Gaming: Saturday's game was less-than-pleasant. A lot of people were tired and there were these bids for dominance. In a game world. Such things suck for the players who don't want to be involved and for the DM who has to deal with it. All in all, I'm feeling less inclined to play on Saturdays as I am no longer enjoying it like I used to and it interferes with my training so much.

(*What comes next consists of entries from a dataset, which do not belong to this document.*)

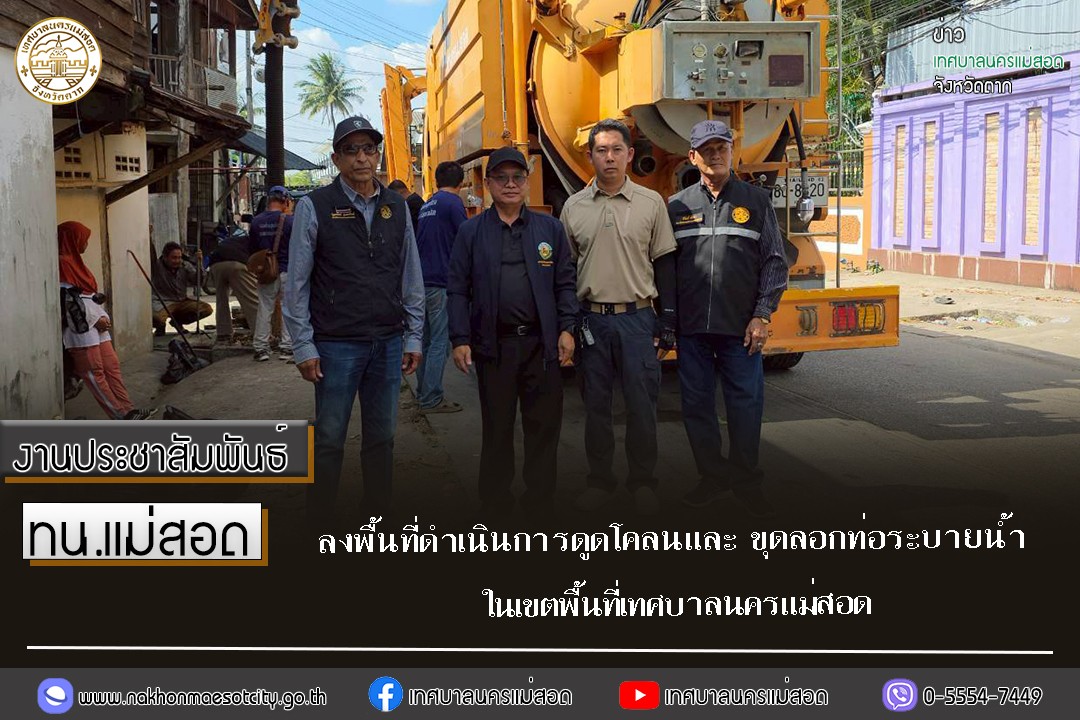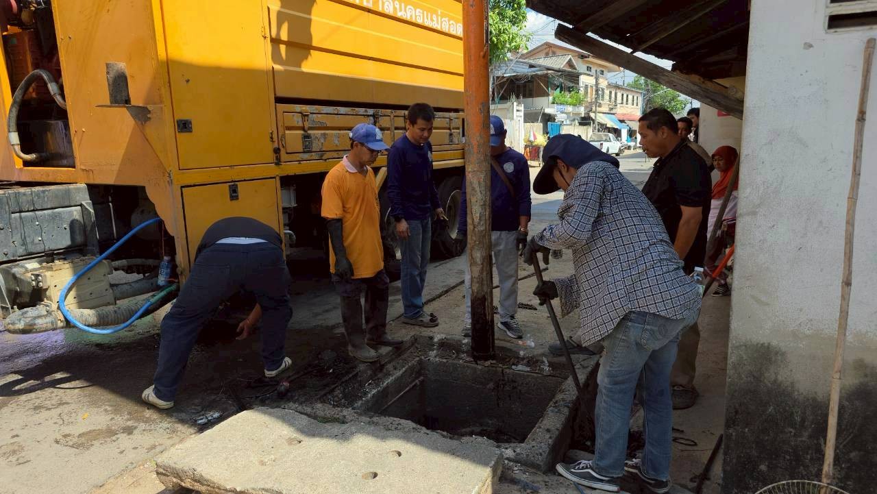 นายกุล เครือวีระ นายกเทศมนตรีนครแม่สอด มอบหมายให้ นายวสุธร บุญมาก รองนายก เทศมนตรีนครแม่สอด พร้อมด้วย สมาชิกสภาเทศบาลนครแม่สอด และเจ้าหน้าที่กองช่างสุขาภิบาล ลงพื้นที่ดำเนินการดูดโคลนและขุดลอกท่อระบายน้ำในเขตพื้นที่เทศบาลนครแม่สอด ชุมชนอิสลาม เพื่อให้การไหลของน้ำสามารถระบายได้อย่างสะดวก รวดเร็ว ป้องกันปัญหาน้ำท่วมขัง เทศบาลนครแม่สอดจึงขออภัยในความไม่สะดวกสำหรับประชาชนที่พักอาศัย และสัญจรไปมาในบริเวณดังกล่าว
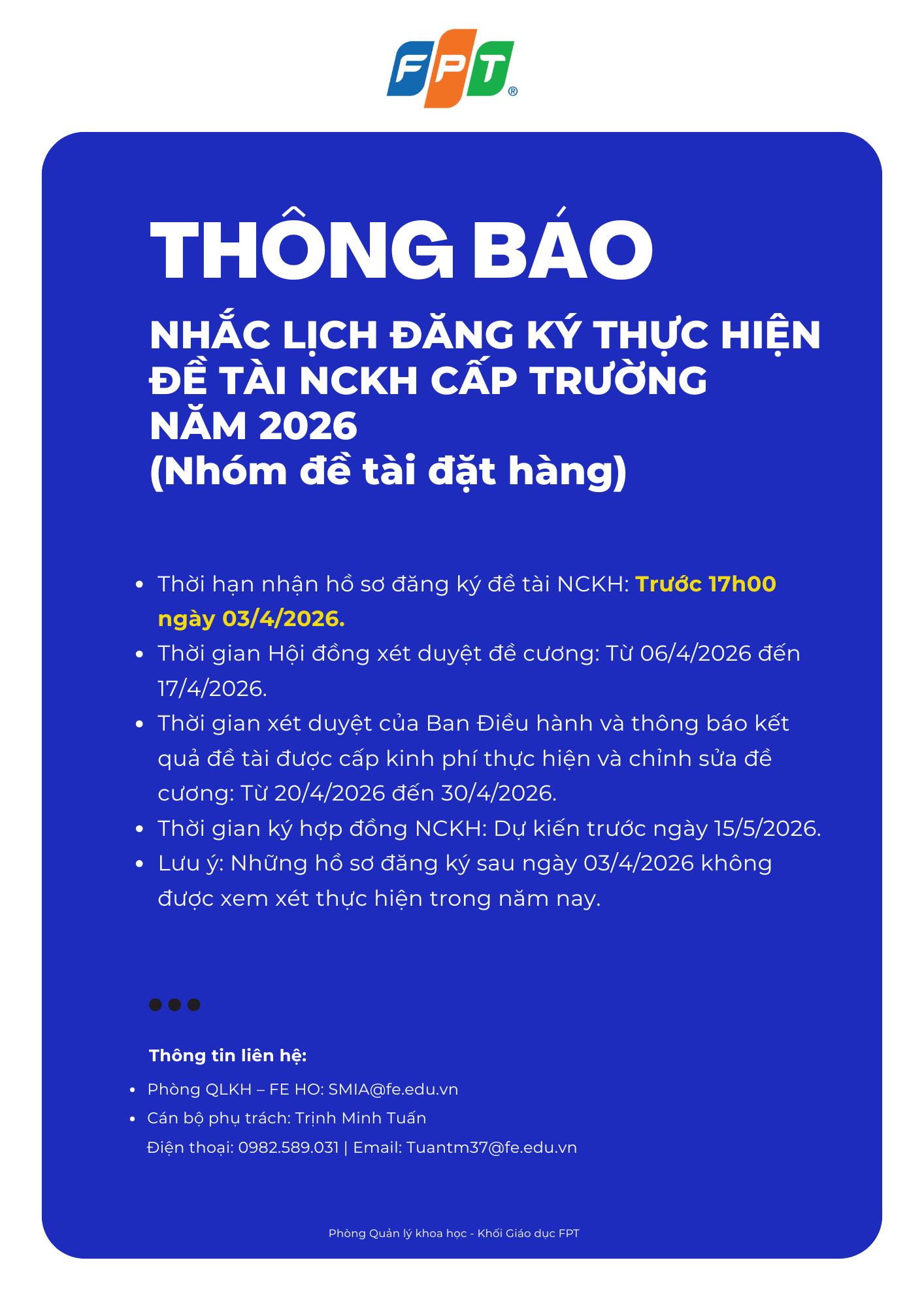 - Thời gian ký hợp đồng NCKH: Dự kiến trước ngày 15/5/2026.
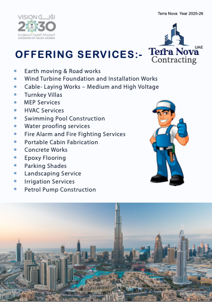 Terra Nova. is a leading provider of high-quality, afford- able construction work Since 15 Years in EPC, Wind Turbines, Solar Solutions, Road Infrastructure, Electrome- chanical & civil work, Epoxy Flooring & Water Proofing , Paint & Gypsum Board , MEP services, Fire Fighting services , AC & Hvac Services, Land survey, Petrol Pump Construction, Project Designing, , Project Management, Building Renovation ,swimming pool work, General Con- tracting , concrete work, air conditioning maintenance and installation services.
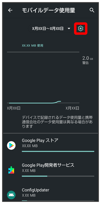 をタップすると、単位(MB/GB)を変更できます。- データ使用量は目安です。実際の使用量とは異なる場合があります。
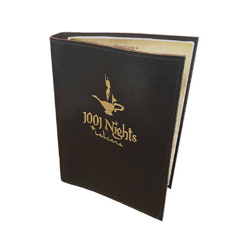 Menu Cover, holds 5-1/2" x 8-1/2" inserts, single panel with 1 view, flush cut stitched edge, genuine leather, with hot foil stamped/debossed logo on front cover (includes all plate, stamp and set-up charges)
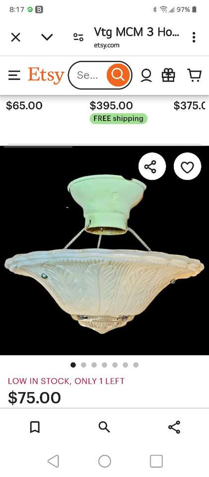 2- Vintage Ceiling Light Lamp Shade Globe. 3 holes. Floral Frosted Glass Very Good Condition. Cash only. Local Pick up. OBO
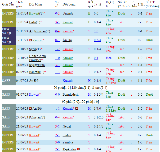 Phong độ đội bóng Kuwait vs Qatar
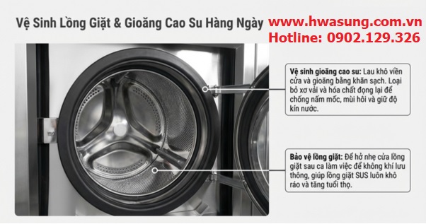 Máy giặt bệnh viện cần sự bền bỉ tuyệt đối.
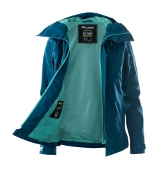Materiał zewnętrzny: 100% poliester; materiał podszewki: 100% poliester; rozmiar: S–XL; wodoodporna i oddychająca membrana (15 000 mm H2O / 15 000 g H2O/m2); wodoszczelne zamki i szwy; panele wentylacyjne dla jeszcze lepszej oddychalności; rozkloszowany fason eksponujący zalety kobiecej sylwetki; modna kolorystyka; 2 kieszenie piersiowe i 2 kieszenie biodrowe; troczki przy zamkach ułatwiające zapinanie.
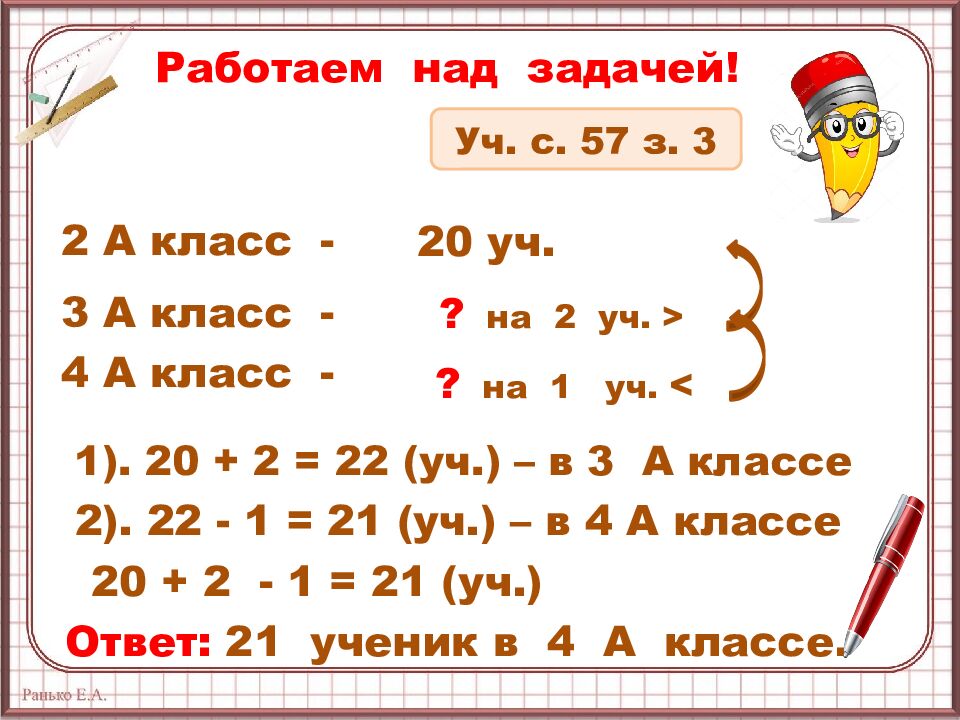 Уч. с. 57 з. 3 2 А класс - 3 А класс - 4 А класс - 20 уч. ? на 2 уч. > ? на 1 уч. < 1). 20 + 2 = 22 (уч.) – в 3 А классе 2 ). 22 - 1 = 21 (уч.) – в 4 А классе 20 + 2 - 1 = 21 (уч.) Ответ: 21 ученик в 4 А классе.
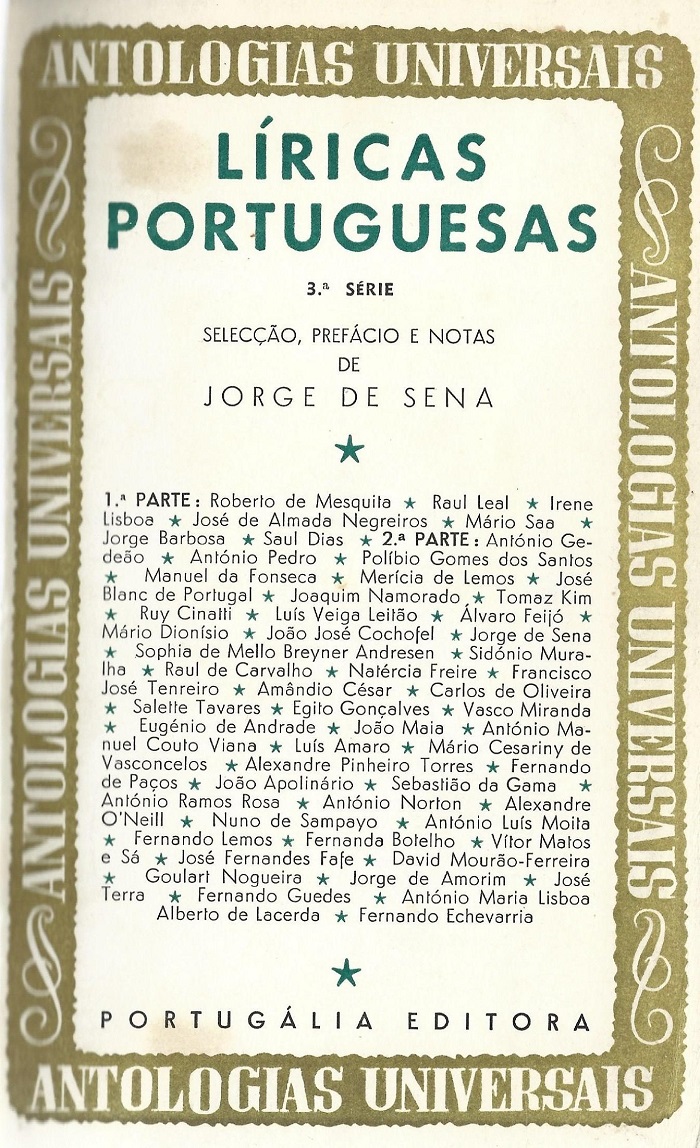 Portugália Ed., Lisboa, sem data, encadernação recente em material sintético, com capas de brochura, col. Antologias Universais, 365/3 pgs.
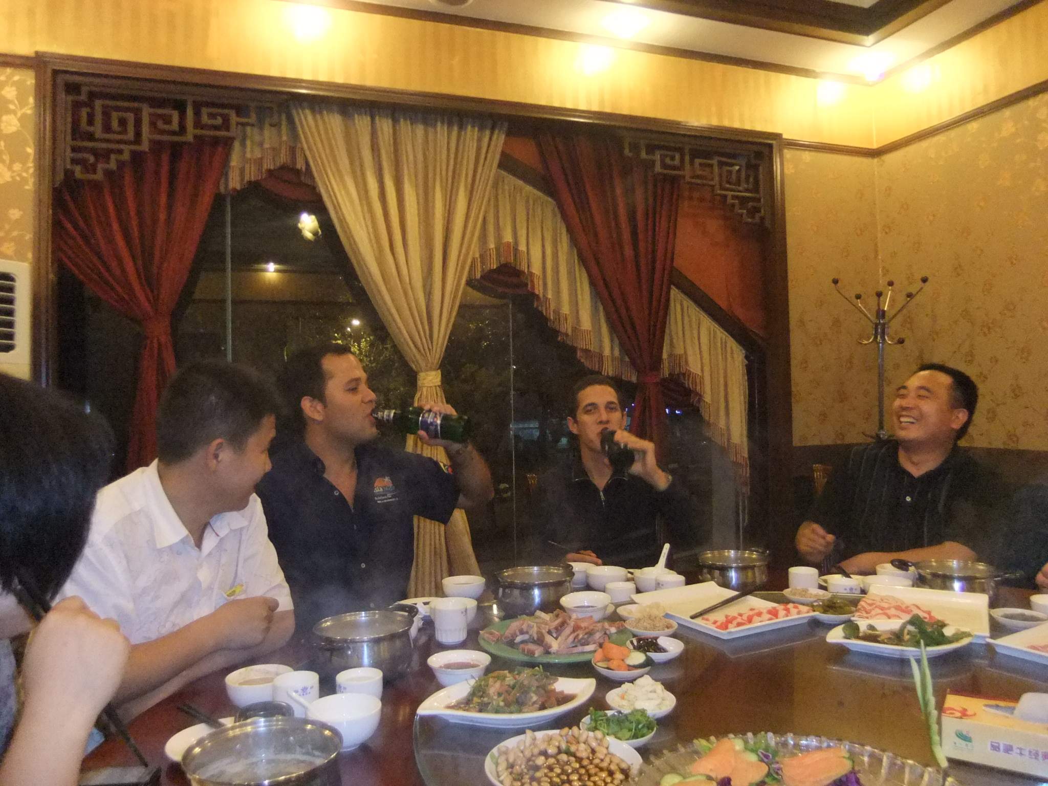 ??? 實驗期間,物料篩分效果良好、篩分質(zhì)量穩(wěn)定,得到了來自大洋彼岸的朋友的稱贊。晚上我們公司的工作人員和委內(nèi)瑞拉的朋友暢飲狂歡,外國朋友學(xué)會了中國的“干杯”,而我們也知道了“沙路”(下圖,委內(nèi)瑞拉客戶此行我公司很滿意,迫不及待的“沙路”)
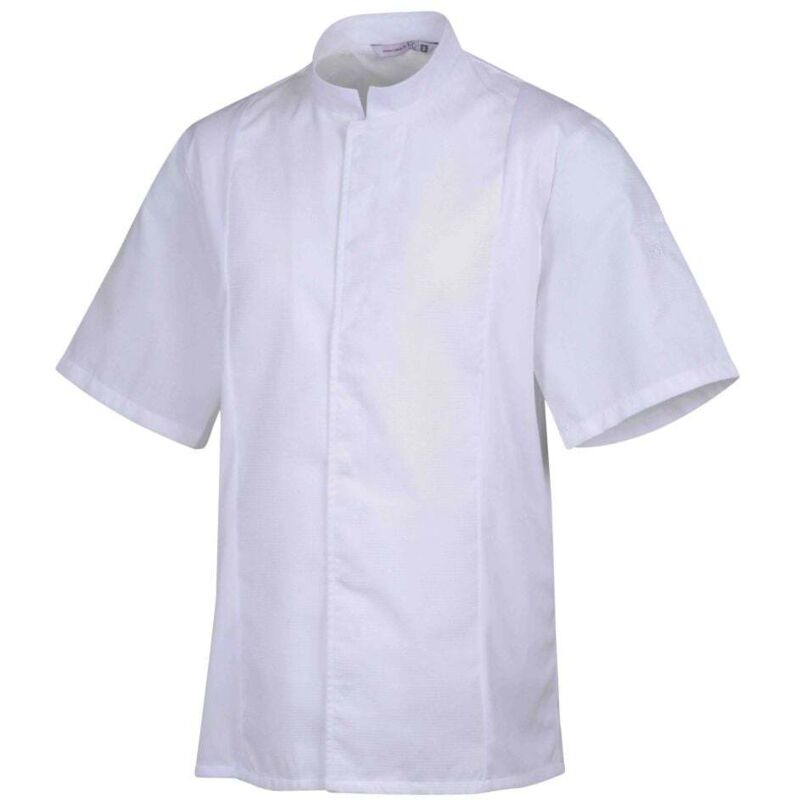 Caratteristiche: Collo da ufficiale + interno in spugna Giubbotto aderente in tessuto a nido d'ape Bottoni automatici nascosti Pannelli laterali in rete traspirante (tecnologia Cool Plus) Tasca portapenne sulla manica Spacchi posteriori Disponibile in bianco e nero Maniche corte Materiali: Poliestere/Cotone traspirante (da 150 g/m² a 160 g/m² a seconda dei colori)
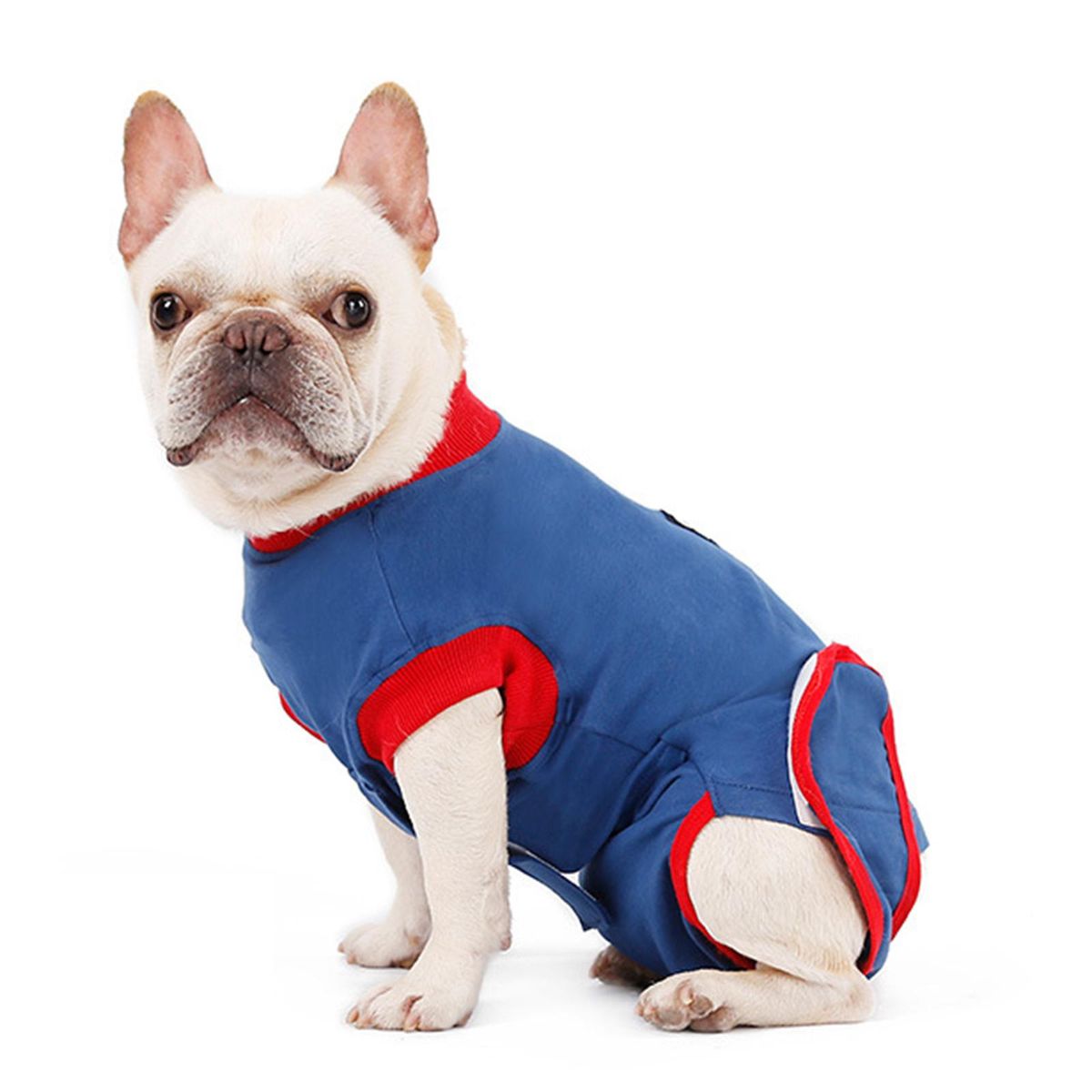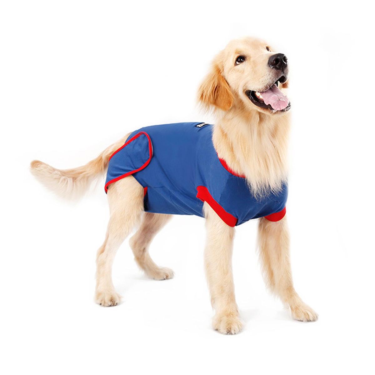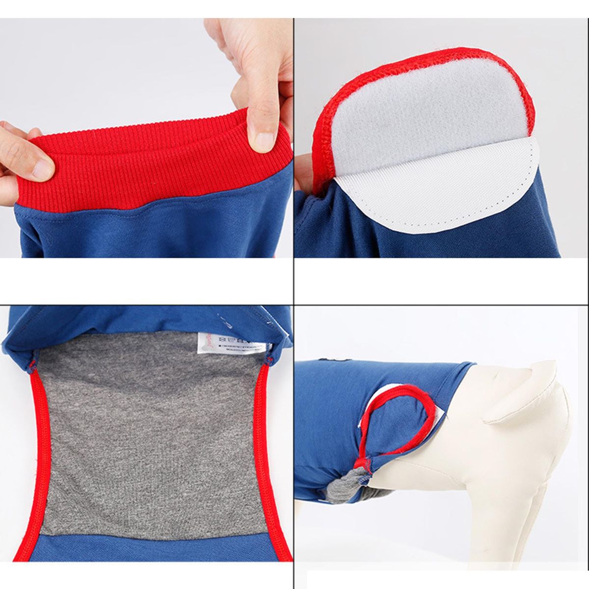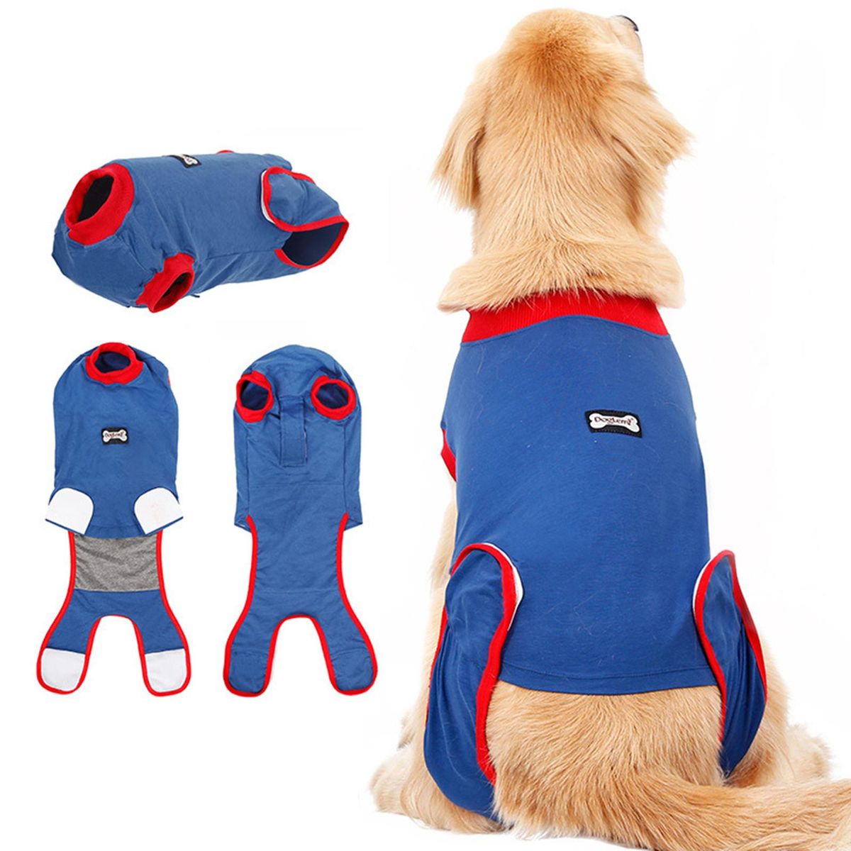 HIGH ELASTIC COTTON FABRIC : Our dog recovery suit is made of Cotton material, Soft, breathable, and comfortable to wear. Won't limit the pet's activities when wearing it. SNUGGLY FIT : The recovery suit wraps your pet, The clothes are super soft and elastic with strong wrapping, dogs feel like snuggly the owner's in it, can comfort the dog.SOFT TO WEAR: Your pets can eat/sleep/play/daily walk freely when wearing this recovery suit and won't be annoyed. Unfasten the rear part and roll it up with the stick fastener, then dogs can pee/poop freely.EASY TO PUT ON/TAKE OFF : It's convenient to wear due to the widened sticky buckle at the back waist part. Allows your dog to do anything without feeling obstructed. Use as after surgery wear for dogs, more care for dogs.SMALL TO LARGE DOGS :. The Recovery Suit is suitable for all sizes of male/female dogs.

Personal: I went and saw the Rocky Horror Picture Show with the Momrine and two of our mutual friends (who we will call 'Shortrine' and 'Hooah') for the first time ever. I was devirginized in RHPS fashion with whipped cream and condoms. You had to be there but let's just say that I somehow managed to get whipped cream in my eye, on my nose, in my hair, on my shoulder, on my chest, and (miraculously) on my back. Then I had no clue what the movie was about so, periodically, I would turn to my companions and repeat what I just heard to make sure I wasn't losing my mind.

In the end, I threw a bunch of stuff at people I've never met before, learned a new dance move, cut loose, and really enjoyed myself. When we go next, there will be more of us and I'll have some idea about what to shout. This time I was laughing too much to even try.